Much of what is in them could be applied to email in general.
These guidelines by Headstar for text email newsletters look very useful.
Much of what is in them could be applied to email in general.
It is a useful standard as it will work for the visually impaired – however it makes for rather bland looking newsletters. (sadly)
NewsScan Daily
http://www.newsscan.com/newsscan/newscup.html
For example does not comply because of the repeated asterixes.
I’d like to see a ‘Newsletter Server’ which took content in xml and could produce a whole pile of formats including the TEN for visually impaired.
Walter, that begs the question … what is the purpose of a newsletter?
Is it to provide useful information to the widest audience possible (within the niche of the newsletter), or is it to look pretty? I get a lot of newsletters via email, and while the prettied up ones in HTML look nice, they’re usually terrible in the choice of information organisation. For one thing, plain text newsletters usually let you determine within the first few sentences if you want/need to read them, while HTML newsletters often require scrolling to get to the text, due to the vast graphical heading at the top.

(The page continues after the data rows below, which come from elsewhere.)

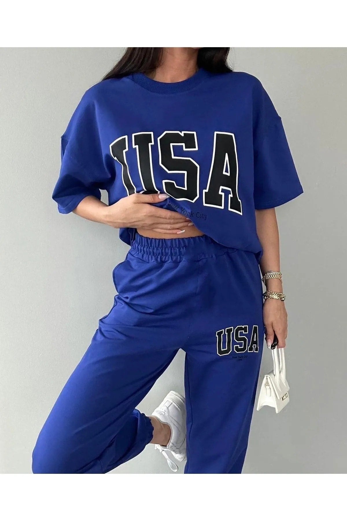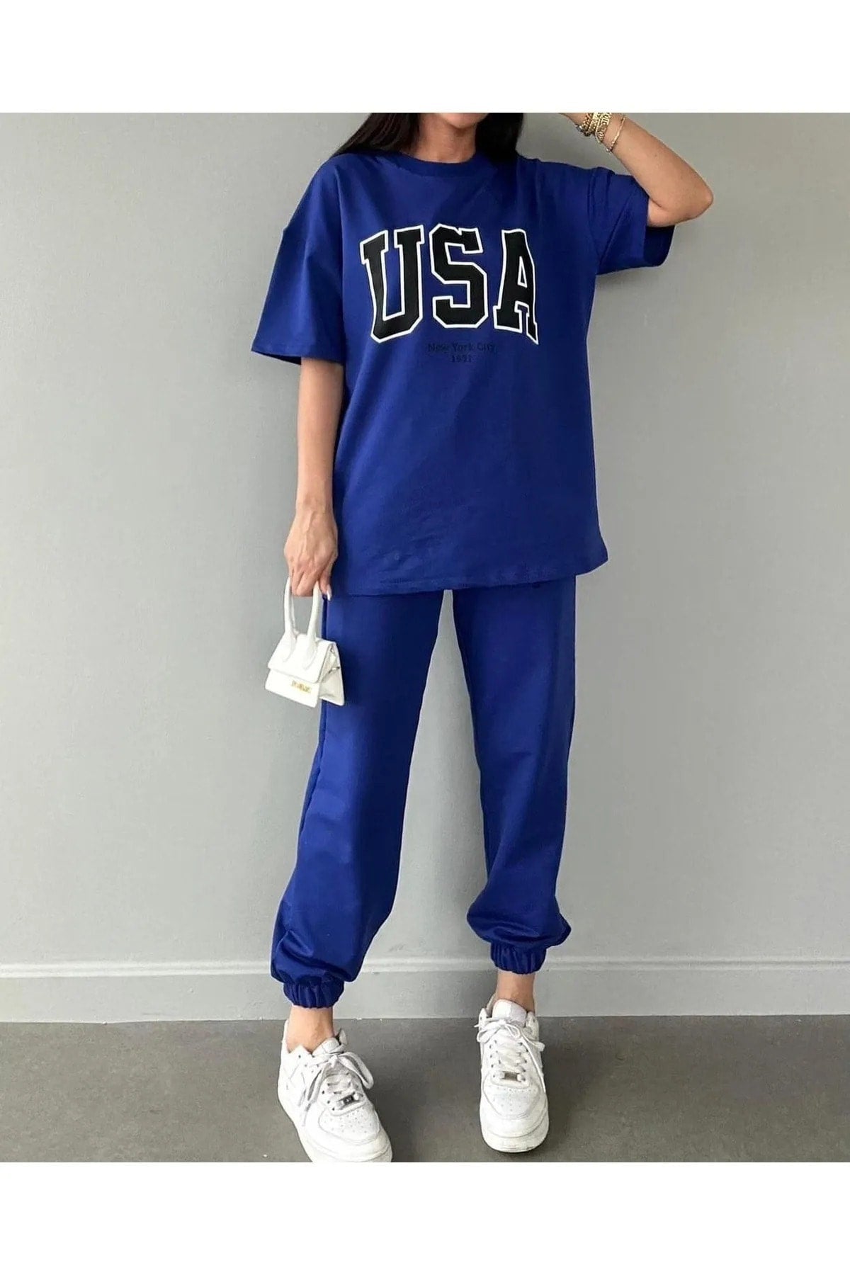 تي شيرت، بنطال رياضي، بنطال رياضي، أزرق، مطبوع، من الأسفل إلى الأعلى، بدلة رياضية، مقاس كبير، رقبة دائرية
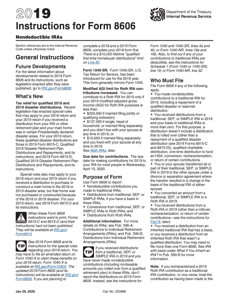 Start by downloading the IRS Form 8606 instructions for the tax year 2019.
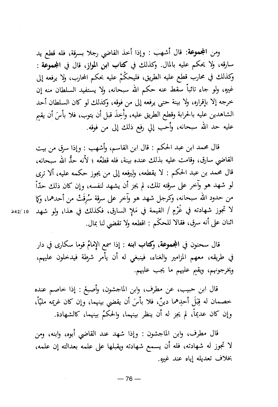 ومن المجموعة: قال أشهب: وإذا أخذ القاضي رجلا بسرقة، فله قطع يد سارقه، ولا يحكم عليه بالمال. وكذلك في كتاب ابن المواز، قال في المجموعة: وكذلك في محارب قطع عليه الطريق، فليحكم عليه بحكم المحارب، ولا يرفعه إلى غيره، ولو جاء تائبا سقط عنه حكم الله سبحانه، ولا يستفيد السلطان منه إن خرجه إلا بإقراره، ولا بينة حتى يرفعه إلى فوقه، وكذلك لو كان السلطان أحد الشاهدين عليه بالحرابة وقطع الطريق عليه، وأخذ قبل أن يتوب، فلا بأس أن يقيم عليه حد الله سبحانه، وأحب إلي رفع ذلك إلى من فوقه.
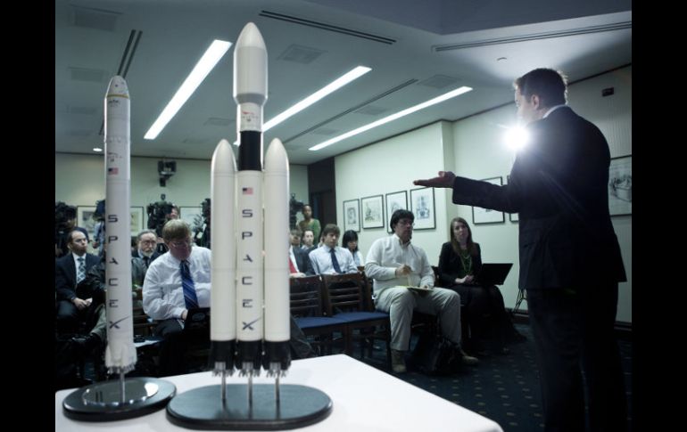 Tecnología | Esperan hacer vuelo de prueba del Falcon Heavy a fines de 2012 Presentan cohete espacial que puede llegar hasta Marte El Falcon Heavy se compone de tres núcleos de nueve motores y tiene una capacidad de 53 toneladas Por: EFE 5 de abril de 2011 - 18:22 hs Elon Musk hace la presentación del cohete junto a un modelo a escala. AFP / WASHINGTON, ESTADOS UNIDOS (05/ABR/2011).- La compañía dedicada al desarrollo de tecnología espacial SpaceX presentó hoy un potente cohete con gran capacidad de carga que puede llegar hasta Marte, indicó su consejero delegado, Elon Musk. "Falcon Heavy transportará más carga en la órbita o más rápido que cualquier vehículo en la historia, excepto el cohete lunar Saturno V, que fue dado de baja después de que el programa Apolo", señaló Musk en una conferencia de prensa. Musk afirmó que este nuevo cohete espacial "abre un nuevo mundo de capacidad de Gobierno y misiones comerciales en el espacio", sobre todo después de que la NASA concluya su programa de transbordadores este año, con los que ha llevado carga y tripulación hasta la Estación Espacial Internacional (EEI) durante 30 años. El Gobierno estadounidense ha hecho especial hincapié en asociarse con la empresa privada para desarrollar la tecnología necesaria para emprender una nueva conquista espacial, que tiene como objetivo llegar a un asteroide en 2025 y a Marte en 2030. De momento, no hay ninguna oferta formal que se pueda desvelar, pero Musk aseguró que "ha habido un gran interés en el Gobierno estadounidense". El Falcon Heavy llegará a la base de Vandenberg, en California, donde la compañía tiene un complejo de lanzamiento, a finales de año que viene y tienen previsto hacer un vuelo de prueba "poco después", en noviembre o diciembre. "Nuestro primer lanzamiento desde la base de lanzamiento de SpaceX a Cabo Cañaveral, en Florida (sudeste), está programado para fines de 2013 ó 2014", agregó. El Falcon Heavy se compone de tres núcleos de nueve motores, que se utilizan como primera etapa y tiene una capacidad de 53 toneladas, una cifra que supera la carga máxima de un avión Boeing 737-200 con 136 pasajeros. Estará propulsado por motores Merlín modificados que la compañía está probando en el centro de desarrollo de cohetes que SpaceX tiene en McGregor , en Texas. SpaceX, con sede en California, fue fundada en 2002. Temas Naves espaciales Espacio Astronomía Recibe las últimas noticias en tu e-mail Todo lo que necesitas saber para comenzar tu día Registrarse implica aceptar los Términos y Condiciones

>From a security perspective, an HTML based newsletter is also flawed, since a large number of a certain brand of email client still have a critical security hole that means viewing any HTML in that email client is inadvisable (due to javascript being embedded in the HTML), and a track record that suggests it won’t be the last such hole.
There are also privacy issues with reading HTML email, unless you turn off the loading of remote images (since the images can be ‘bugged’ to track the reader). For this reason, more and more newsletters come with images embedded as attachments. I’ve seen newsletters ranging in size from 100KB to 1MB in size (and a few larger, thanks to badly compressed PDF/Word attachments). Not only is that a waste of traffic for the sender, it’s extremely inconsiderate to the poor reader, the majority of whom still do not have broadband.
Plain text might be bland, but it is still the only way of guaranteeing that your message will reach the largest possible audience.